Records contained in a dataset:
※ ※ ※

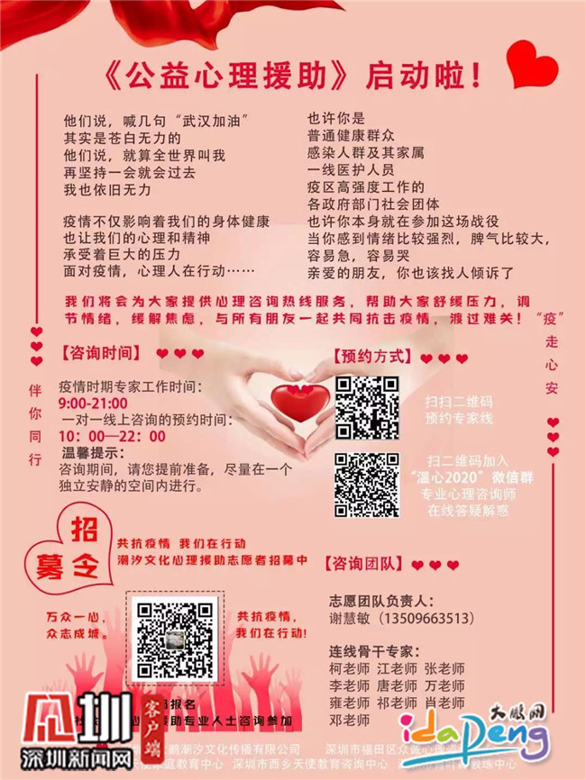 葵涌辦事處壩光社區(qū)婦聯(lián)副主席、大鵬潮汐文化傳播有限公司負責人謝慧敏積極響應(yīng)新區(qū)群團工作部建立新區(qū)防疫心理疏導(dǎo)志愿服務(wù)隊的號召,聯(lián)合多家機構(gòu)啟動公益心理援助,為市民提供線上調(diào)節(jié)情緒、舒緩壓力等免費心理服務(wù),共渡心理關(guān),服務(wù)將持續(xù)到疫情結(jié)束。
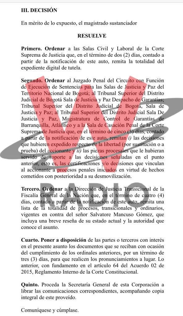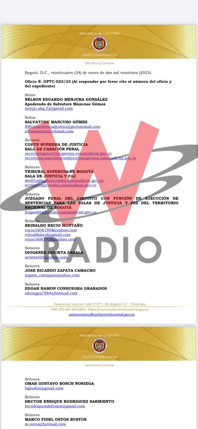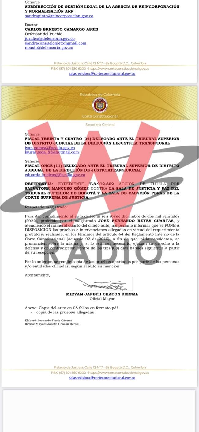 Finamente, La W Radio conoció que en este oficio con fecha del 24 de enero de 2023, la Corte Constitucional además de la notificación, ordena cumplir un auto del 6 de diciembre de 2022 con ponencia del magistrado José Fernando Reyes, del que también tuvimos acceso y le ordena a la Corte Suprema entregar el expediente completo, a los juzgados y tribunales de justicia y paz, que en 5 días remita todas las decisiones en contra de Mancuso, las piezas procesales y procesos penales iniciados luego de su desmovilización, también notifica a la Fiscalía y a las víctimas para que realicen algún pronunciamiento si así lo prefieren.
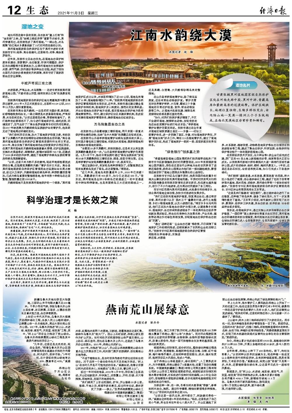 “通过‘退耕还湿’‘企业生态迁建’等政策,不仅保障了湿地保护工作的顺利推进,还彻底解决了农民和企业的后顾之忧。”张掖市甘州区黑河湿地国家级自然保护区管理局副局长李海春说,实施退耕还湿、水源涵
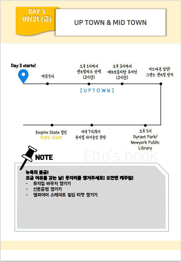 뉴욕 여행 계획 / 뉴욕여행 셀프가이드북 3일 차 표지와 동선입니다.
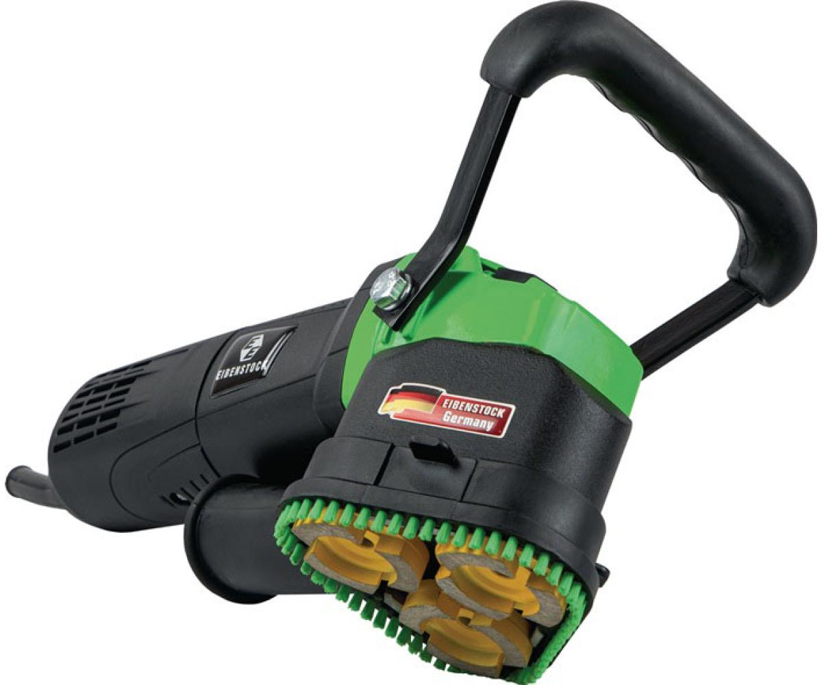 Schleifen in Ecken, Winkeln und kleinen Flächen z.B. Fensterlaibungen, Nischen, unter Heizkörpern · ideal für Treppen- und Fliesensanierungen · Schleifen bis direkt an die Kante (bei entferntem Bürstenkranz) · Beton, Estrich, Fliesenkleber, Putze, Farbe, Beschichtungen, Teppichkleber · Sanftanlauf, Drehzahlregelung und -konstanthaltung · abnehmbarer Bürstenkranz
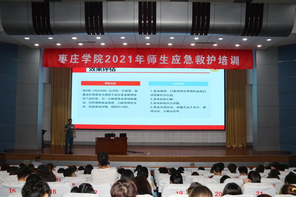 为弘扬“人道、博爱、奉献”的红十字精神,提高应对突发事件和意外伤害的能力,6月9日下午,LETOU官网在综合楼学术报告厅举行“LETOU国际米兰官网2021应急救护知识培训”活动,邀请枣庄市红十字会救护培训讲师团讲师、枣庄市立医院手足踝外科副主任医师刘鹏主讲,活动由后勤服务处校医院发起,枣庄市红十字会、团委、学生工作处共同组织了近500名师生参加了活动。
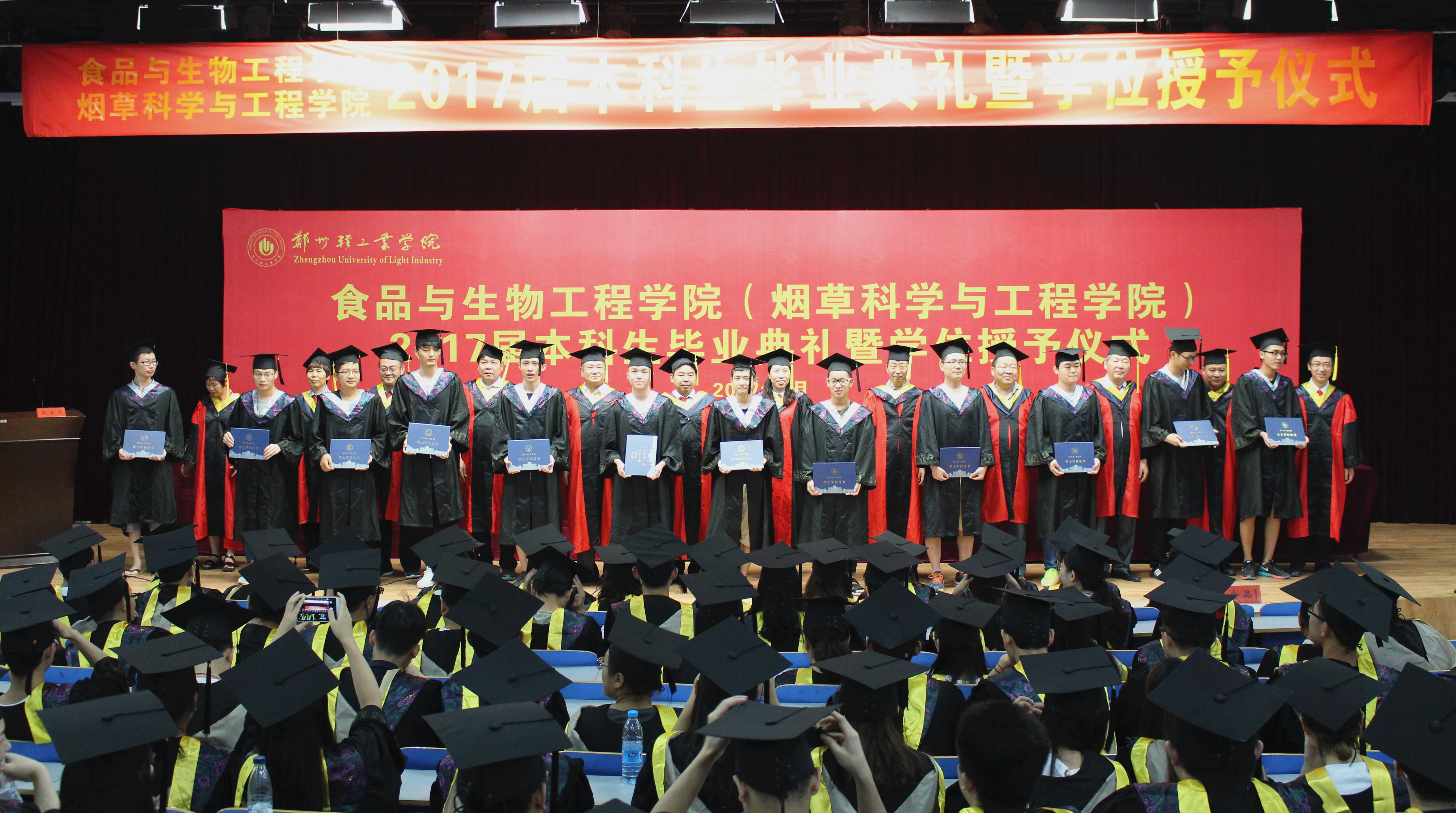 2017年6月15日,食品与生物工程学院(烟草科学与工程学院)在科学校区大学生活动中心208举行2017届本科生毕业典礼暨学位授予仪式。学院领导、老师代表及2017届毕业生参加了典礼。典礼由副院长姚二民教授主持。
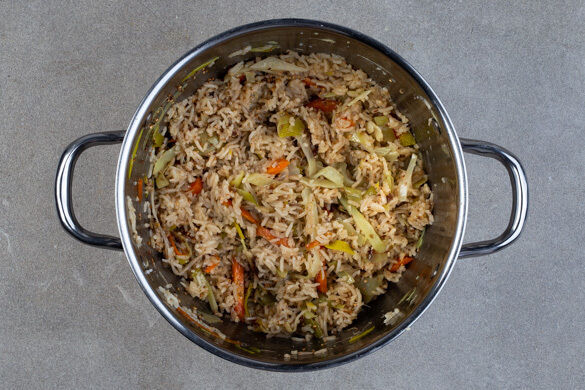 Den Reis in einem Sieb kalt abspülen, bis das Wasser klar bleibt, dann in den Topf zu dem Gemüse geben. Die Zwiebelmarmelade einrühren und das kochende Wasser angießen. Den Reis aufkochen und abgedeckt bei niedriger Hitze 18–20Min. kochen, bis das Wasser aufgesogen und der Reis gar ist, dabei gelegentlich umrühren. Noch ca. 5Min. ohne Hitzezufuhr ziehen lassen.
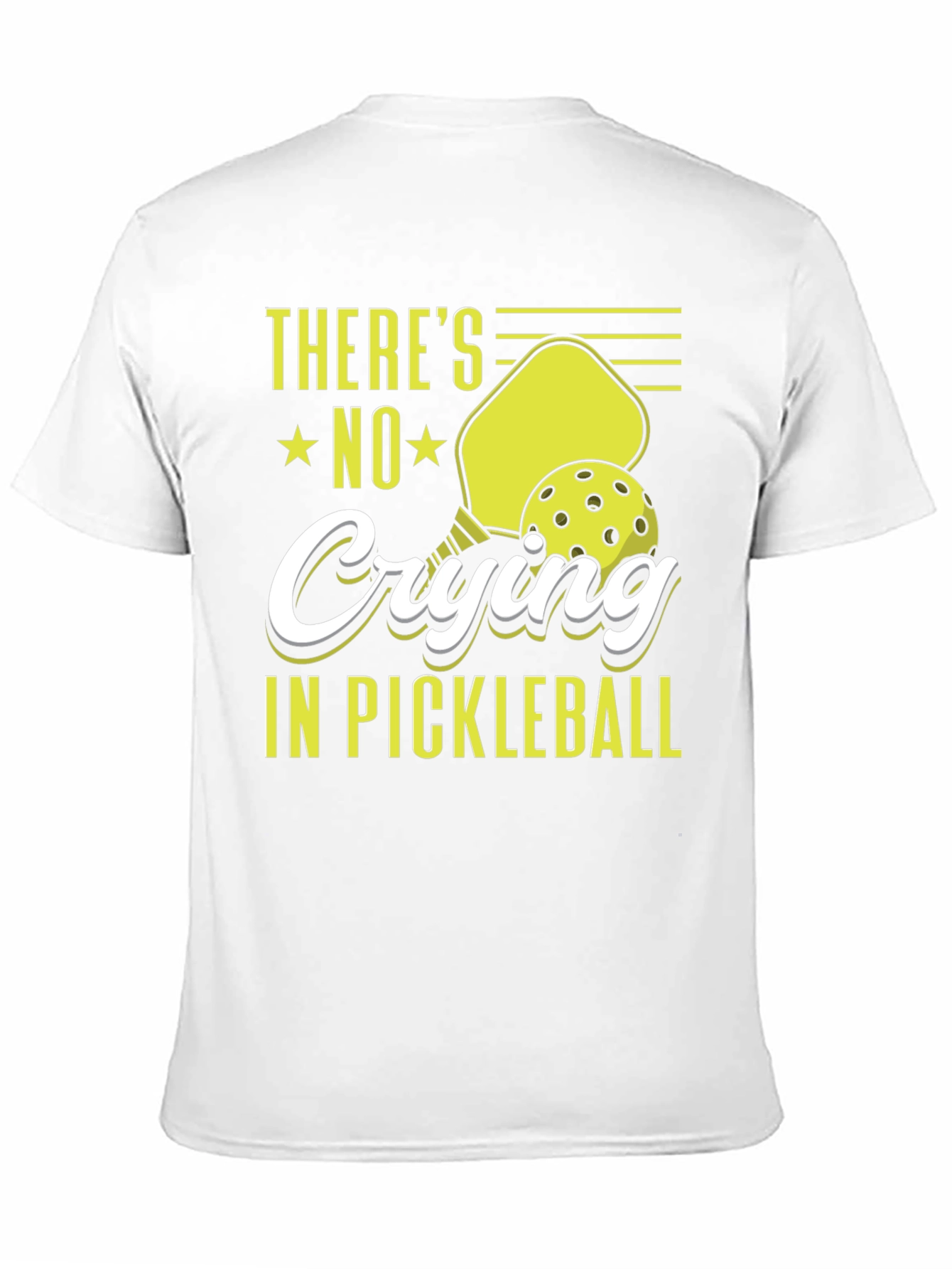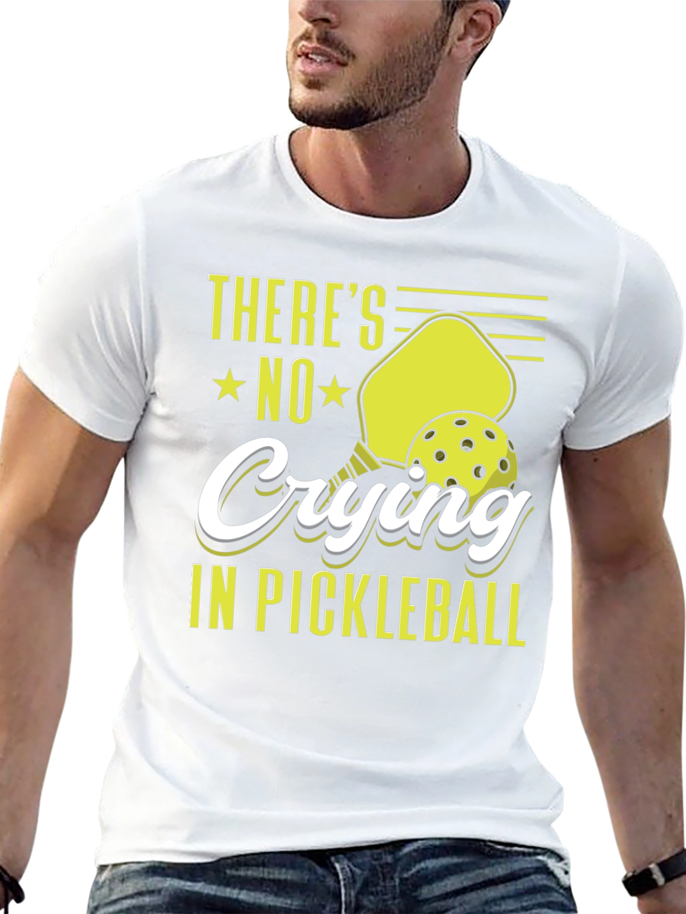 This striking black t-shirt features a humorous and eye-catching graphic for pickleball enthusiasts. The design showcases a paddle and ball with the playful message "There's no crying in pickleball" in bold yellow and white lettering. Made from what appears to be a soft, comfortable cotton blend, this shirt is perfect for wearing on the court, at casual outings, or simply expressing your love for the game. The classic fit and durable construction make it a great addition to any pickleball player's wardrobe. Show off your passion for pickleball with this fun and stylish t-shirt!

※ ※ ※

> _THE PROBLEM_: If pictures appear, drop them, and retype exactly the lines from the "뉴욕 여행 계획 / 뉴욕여행 셀프가이드북 3일 차 표지와 동선입니다." line through the last line of the data above.

> _EXERCISE RESULT_:
 뉴욕 여행 계획 / 뉴욕여행 셀프가이드북 3일 차 표지와 동선입니다.
 Schleifen in Ecken, Winkeln und kleinen Flächen z.B. Fensterlaibungen, Nischen, unter Heizkörpern · ideal für Treppen- und Fliesensanierungen · Schleifen bis direkt an die Kante (bei entferntem Bürstenkranz) · Beton, Estrich, Fliesenkleber, Putze, Farbe, Beschichtungen, Teppichkleber · Sanftanlauf, Drehzahlregelung und -konstanthaltung · abnehmbarer Bürstenkranz
 为弘扬“人道、博爱、奉献”的红十字精神,提高应对突发事件和意外伤害的能力,6月9日下午,LETOU官网在综合楼学术报告厅举行“LETOU国际米兰官网2021应急救护知识培训”活动,邀请枣庄市红十字会救护培训讲师团讲师、枣庄市立医院手足踝外科副主任医师刘鹏主讲,活动由后勤服务处校医院发起,枣庄市红十字会、团委、学生工作处共同组织了近500名师生参加了活动。
 2017年6月15日,食品与生物工程学院(烟草科学与工程学院)在科学校区大学生活动中心208举行2017届本科生毕业典礼暨学位授予仪式。学院领导、老师代表及2017届毕业生参加了典礼。典礼由副院长姚二民教授主持。
 Den Reis in einem Sieb kalt abspülen, bis das Wasser klar bleibt, dann in den Topf zu dem Gemüse geben. Die Zwiebelmarmelade einrühren und das kochende Wasser angießen. Den Reis aufkochen und abgedeckt bei niedriger Hitze 18–20Min. kochen, bis das Wasser aufgesogen und der Reis gar ist, dabei gelegentlich umrühren. Noch ca. 5Min. ohne Hitzezufuhr ziehen lassen.
 This striking black t-shirt features a humorous and eye-catching graphic for pickleball enthusiasts. The design showcases a paddle and ball with the playful message "There's no crying in pickleball" in bold yellow and white lettering. Made from what appears to be a soft, comfortable cotton blend, this shirt is perfect for wearing on the court, at casual outings, or simply expressing your love for the game. The classic fit and durable construction make it a great addition to any pickleball player's wardrobe. Show off your passion for pickleball with this fun and stylish t-shirt!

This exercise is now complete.